Voltage drop question

Dad has a kiln in a workshop at the bottom of his garden, rated at

11.25kW, so maximum current 49A assuming 230V (perhaps notionally 47A given its age, the rating plate mentions 240V/415V rather than 230V/400V, it can be wired for 1ph or 3ph, he runs it on 1ph).

The main part of the run from the house is 35m of 16mm^2 SWA, so expected to give a voltage drop around 5V.

He's keen to reduce the voltage drop (thinks this will reduce the duty cycle, I suppose it will, but I have my doubts if it will be a significant effect).

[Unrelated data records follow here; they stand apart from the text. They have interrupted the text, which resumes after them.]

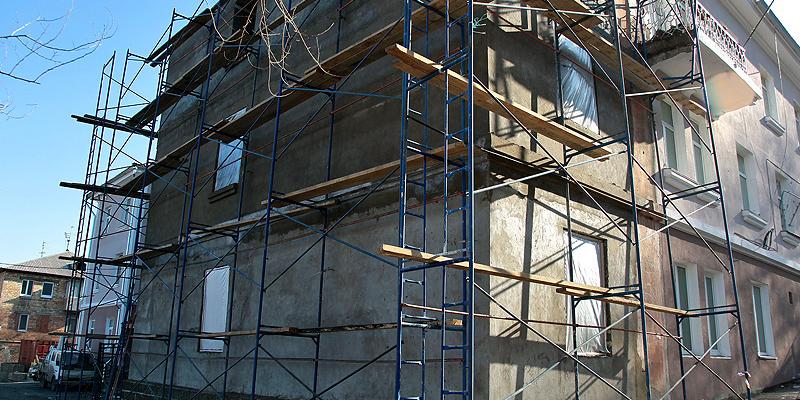 Стены уцелевшей части дома специалисты укрепили с помощью металлических пластин и химических анкеров. Пояс из металлических пластин, в которые на специальный химический состав "сажают" анкера, опоясывает дом по всему периметру. Также строители оштукатурили стены, сделали фактурную отделку, оформили цоколь и покрасили здание в четыре цвета. Территория вокруг дома заасфальтирована, уложены лестничные марши.
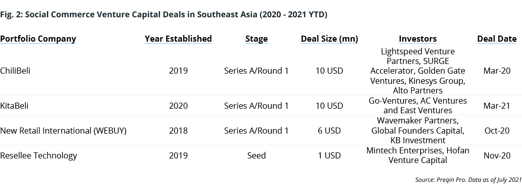 Although deal sizes in the social commerce sector are relatively small compared to the other blockbuster deals that have taken place in 2021, competition is heating up between social commerce apps. However, there is still room to grow in new, underserved cities or specialized verticals such as beauty and electronics.
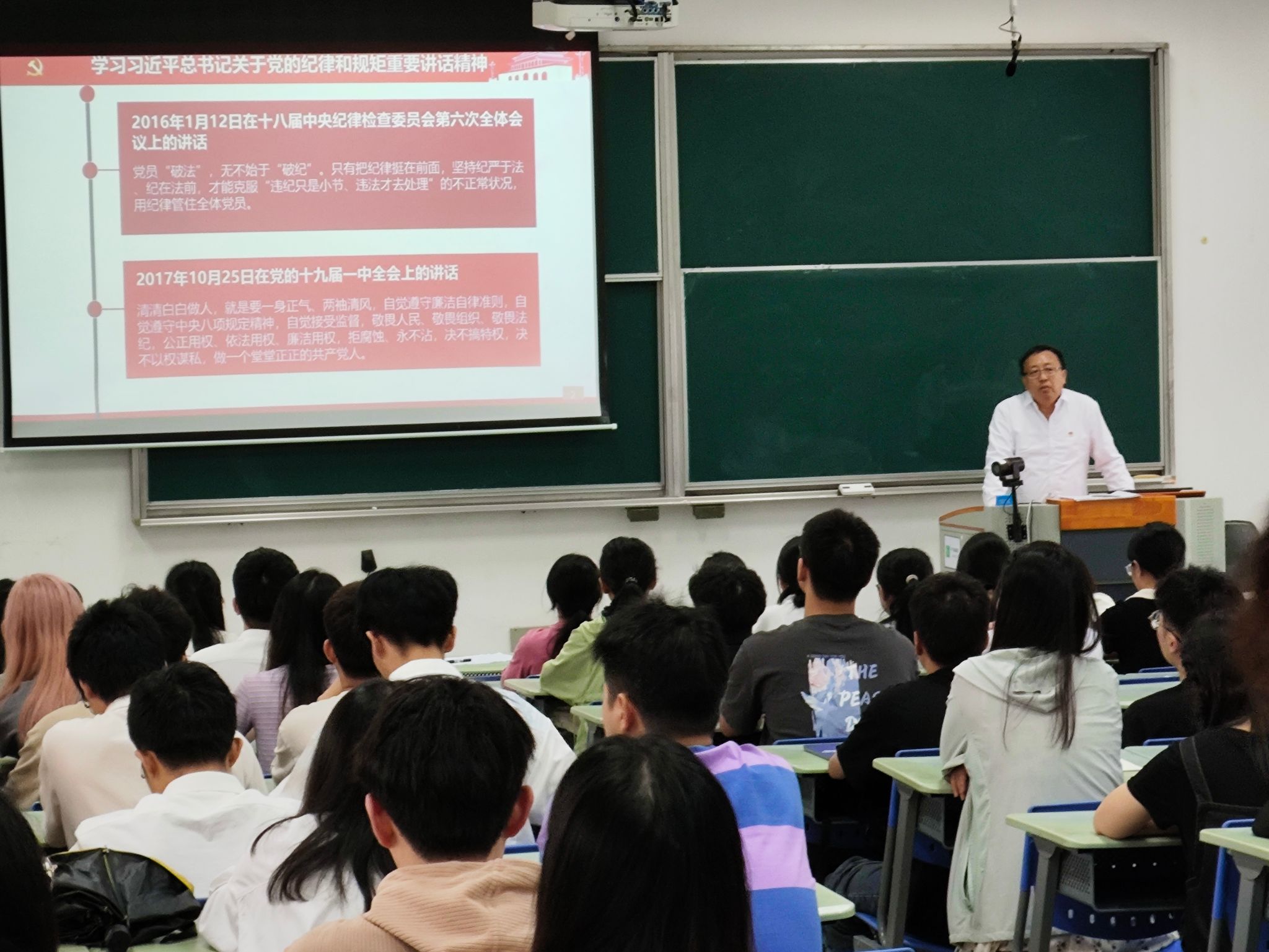 5月22日下午2点半,在厦门校区综合教学楼E5-202伟德国际1949官网登录举行党纪学习教育专题党课,学院院长王士斌以《明纪律守规矩,做新时代合格党员》为题,为全体毕业生党员讲党课。
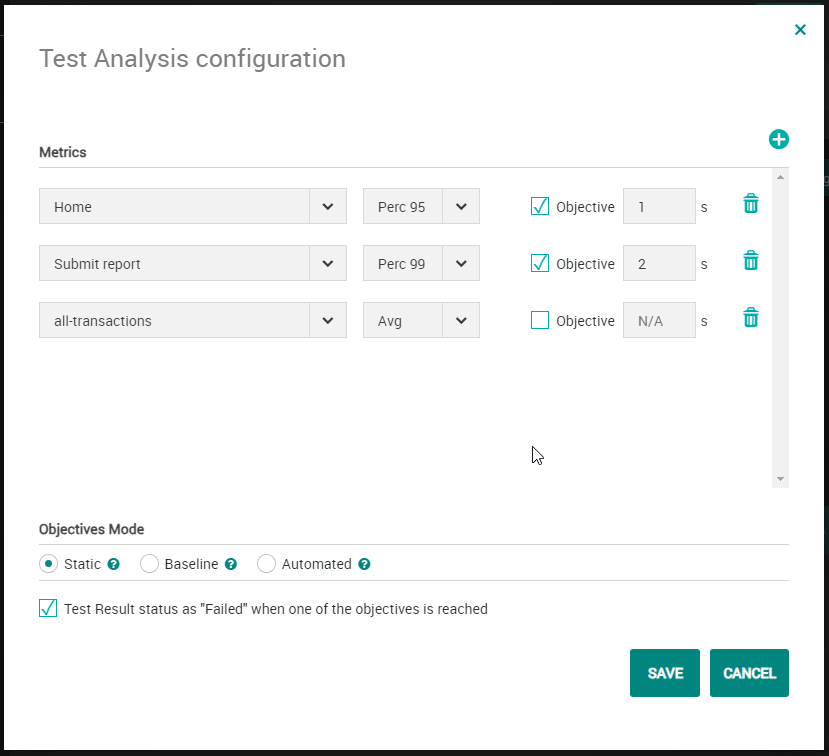 Dans la boîte de dialogue Test Analysis Configuration, cochez une ou plusieurs cases Objective pour spécifier une valeur métrique personnalisée.

I know it is normally frowned on to parallel-up conductors to give increased current carrying capacity ...

But given that the SWA that is installed actually is four core, would it still be bad practice to parallel the live and neutral cores *just* to achieve equivalent of 32mm^2 thereby reducing voltage drop? To clarify, the MCB(s) would not be uprated, just done to halve the current in each core, if somehow one core were to go open-ciruit, the current in the remaining core would end up the same as it presently is.

I can envisage that physically getting 32mm^2 of strands securely into the henley blocks at the house end and the terminals of the consumer unit in the workshop might be a challenge.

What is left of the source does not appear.